Task item — What you return must be an exact copy of the lines in the listing below between the line holding "为助力市场营销(专转本)、电" and the line holding "ぷっくり、ほわほわとしたシマエナガのスタンプです。lumi より発売", inclusive, and nothing more.

Working data —

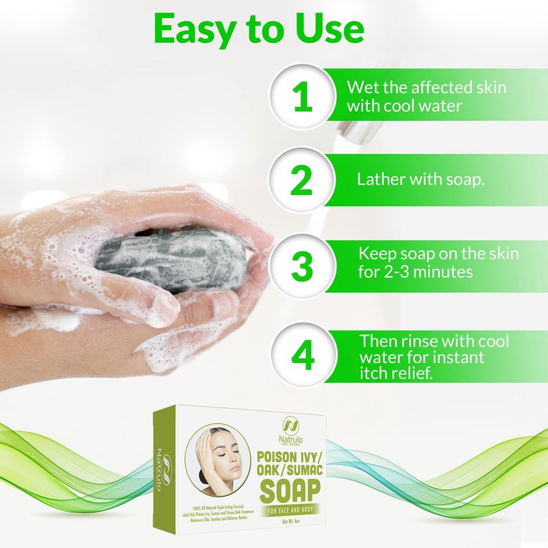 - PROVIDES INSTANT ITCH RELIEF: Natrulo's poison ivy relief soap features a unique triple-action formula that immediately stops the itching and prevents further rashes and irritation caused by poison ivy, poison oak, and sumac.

* * *

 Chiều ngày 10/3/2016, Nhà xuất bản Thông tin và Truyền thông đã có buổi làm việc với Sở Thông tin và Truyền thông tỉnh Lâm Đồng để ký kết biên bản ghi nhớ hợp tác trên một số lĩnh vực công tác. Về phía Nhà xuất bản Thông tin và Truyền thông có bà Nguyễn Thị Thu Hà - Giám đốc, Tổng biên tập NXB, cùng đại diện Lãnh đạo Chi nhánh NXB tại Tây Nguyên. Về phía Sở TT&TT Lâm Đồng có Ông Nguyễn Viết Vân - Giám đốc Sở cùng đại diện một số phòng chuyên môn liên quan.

---

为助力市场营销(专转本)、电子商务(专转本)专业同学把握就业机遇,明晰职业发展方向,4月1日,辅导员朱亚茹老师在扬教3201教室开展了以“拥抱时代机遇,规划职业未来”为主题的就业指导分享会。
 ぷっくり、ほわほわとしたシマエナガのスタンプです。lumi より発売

Response for this exercise —
为助力市场营销(专转本)、电子商务(专转本)专业同学把握就业机遇,明晰职业发展方向,4月1日,辅导员朱亚茹老师在扬教3201教室开展了以“拥抱时代机遇,规划职业未来”为主题的就业指导分享会。
 ぷっくり、ほわほわとしたシマエナガのスタンプです。lumi より発売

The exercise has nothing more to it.